Other things to check:

1. Target indexes - if you constantly move data into the target, then the indexes may need to be refreshed/rebuilt.

2. Source indexes - same as above

3. Index structures - if you are using user defined queries, make certain the database optimizer has one or more indexes to follow.

4. Disk constraints maybe...

5. Limitations on a login's availability for resource usage (depending on OS and DB engine)

Those are just some things that come to mind from a DBA point of view as opposed to a DS pov. Hope it helps!

Bestest!

Posted: Wed Aug 23, 2006 2:08 pm
by kcbland
What's your hardware setup? A single SMP box? Use glance, vmstat, memstat, top, prstat, whatever you can to monitor cpu, disk, and memory utilization. If something else is running, you're completing for resources.

Posted: Wed Aug 23, 2006 6:33 pm
by amitava.ghosh@gmail.com
Hi,

You are joining 2 sequential files with huge data. As DataSatge is reading from sequential files, this is anyway serial. In this case the conversion is Sequential to Parallel.

Insert a "Column Import" Stage after each sequential file and turn RCP on. If you have 8 nodes then you can expect a lot of performance benefit by inserting the column import stage. In this case the conversion will be from parallel to parallel.

Turn the "APT_DUMP_SCORE" on and check the job log with and without Column Import Stage. You will see the difference.

Regards

Posted: Wed Aug 23, 2006 8:12 pm
by kumar_s
Let me take the call behalf of Ray this time, "Nothing changed" is not the right answere. You need to find out what is actully changed between the two run.

Posted: Wed Aug 23, 2006 8:16 pm
by sanjay
Hi
what turn RCP on will do in this case.

Thanks
Sanjay

amitava.ghosh@gmail.com wrote:Hi,

You are joining 2 sequential files with huge data. As DataSatge is reading from sequential files, this is anyway serial. In this case the conversion is Sequential to Parallel.

Insert a "Column Import" Stage after each sequential file and turn RCP on. If you have 8 nodes then you can expect a lot of performance benefit by inserting the column import stage. In this case the conversion will be from parallel to parallel.

Turn the "APT_DUMP_SCORE" on and check the job log with and without Column Import Stage. You will see the difference.

Regards

Posted: Wed Aug 23, 2006 11:45 pm
by nishadkapadia
Thank you all for pointers.
Will try and will post on this thread my findings.

sanjay wrote:Hi
what turn RCP on will do in this case.

Thanks
Sanjay

amitava.ghosh@gmail.com wrote:Hi,

You are joining 2 sequential files with huge data. As DataSatge is reading from sequential files, this is anyway serial. In this case the conversion is Sequential to Parallel.

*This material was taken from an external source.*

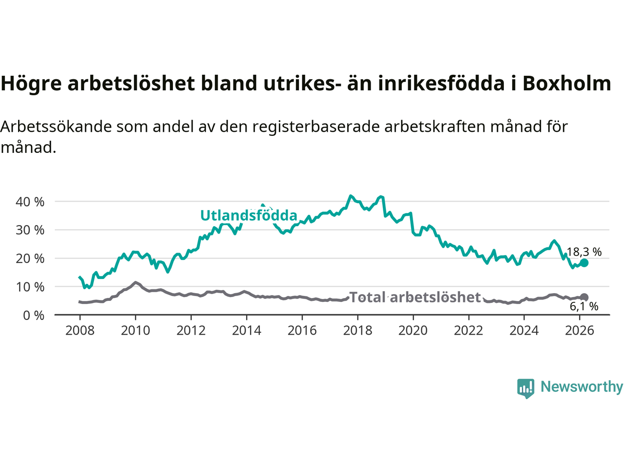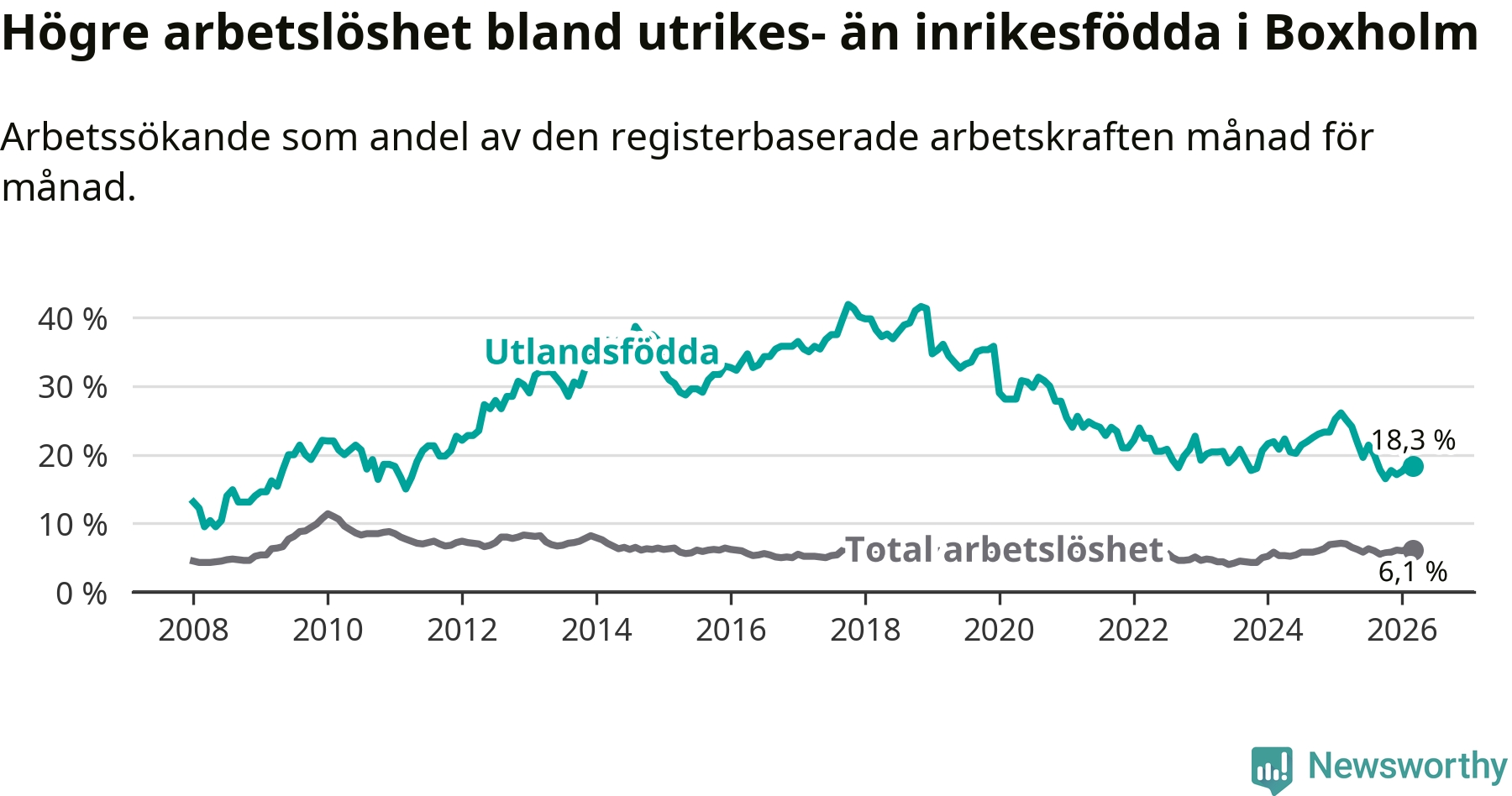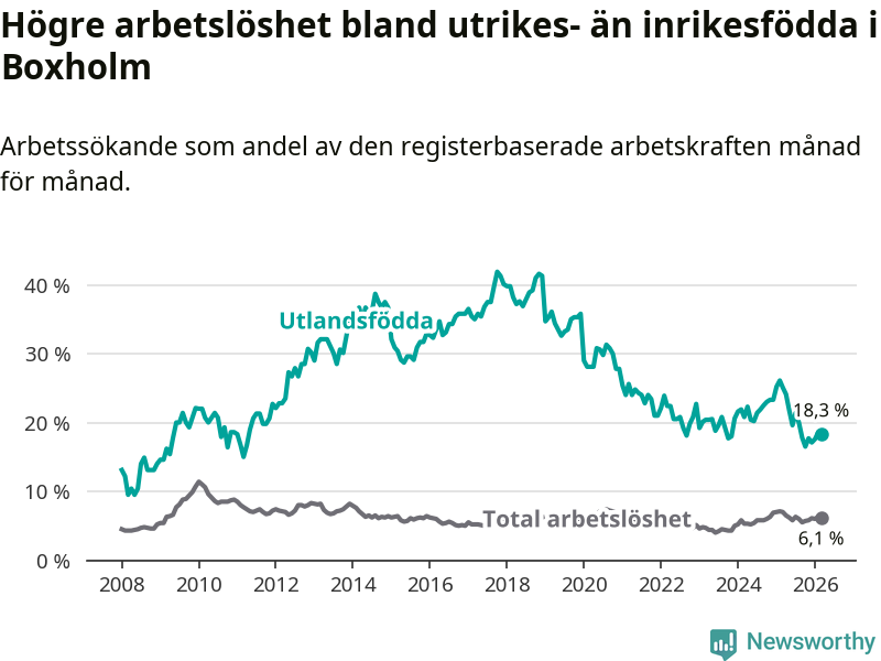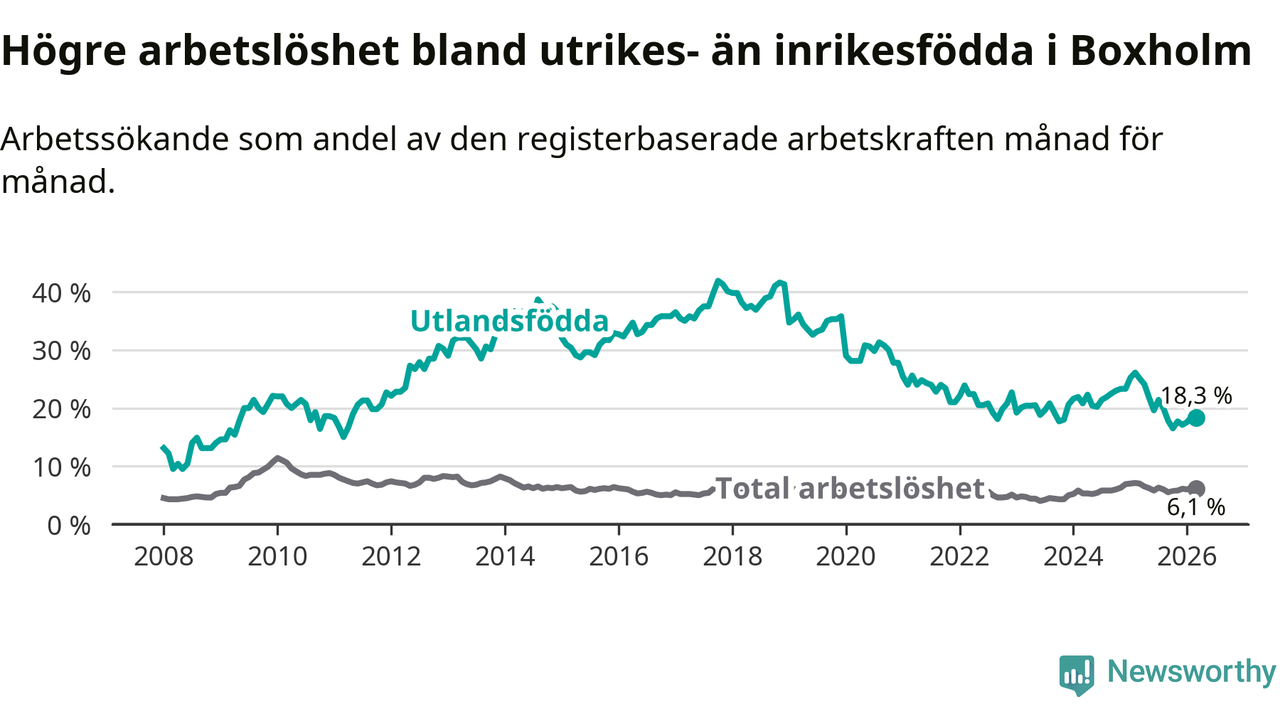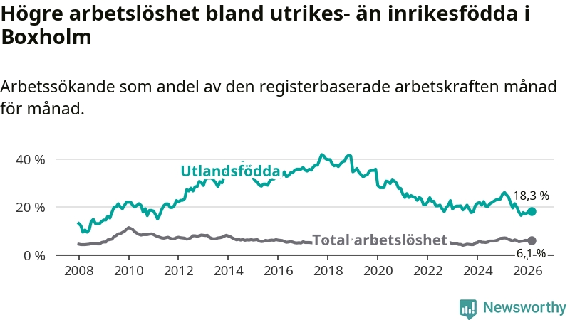 Arbetslösheten bland utlandsfödda var 18,3 procent i Boxholm under mars månad, motsvarande 59 av 322 personer. Det är 6,8 procentenheter färre än vid samma tidpunkt i fjol (−20 om man räknar personer). Därmed är de utlandsföddas arbetslöshet lägre än vid samma tidpunkt i fjol för åttonde månaden i följd. Sedan juli 2025 har arbetslösheten bland utlandsfödda minskat från 21,4 till 18,3 procent.

Insert a "Column Import" Stage after each sequential file and turn RCP on. If you have 8 nodes then you can expect a lot of performance benefit by inserting the column import stage. In this case the conversion will be from parallel to parallel.

Turn the "APT_DUMP_SCORE" on and check the job log with and without Column Import Stage. You will see the difference.

Regards

Posted: Thu Aug 24, 2006 12:39 am
by ray.wurlod
That nothing has changed in the job does not mean that nothing has changed on the system. For example it will be faster to insert 50 million rows into an empty table than into a table that already has very many rows. Newly added indexes, triggers and constraints will also slow load performance. Query performance might be slowed by the reverse; removed or invalidated indexes, removed ability to use precomputed aggregates, removed indexes on join columns, and so on.

Posted: Thu Aug 24, 2006 9:00 am
by nishadkapadia
Hi,

Yes, different executions do change the system. I need to be more careful.

There was some background process runnning on the AIX box, resulting in the box. Got it sorted out.

Thanks all once again.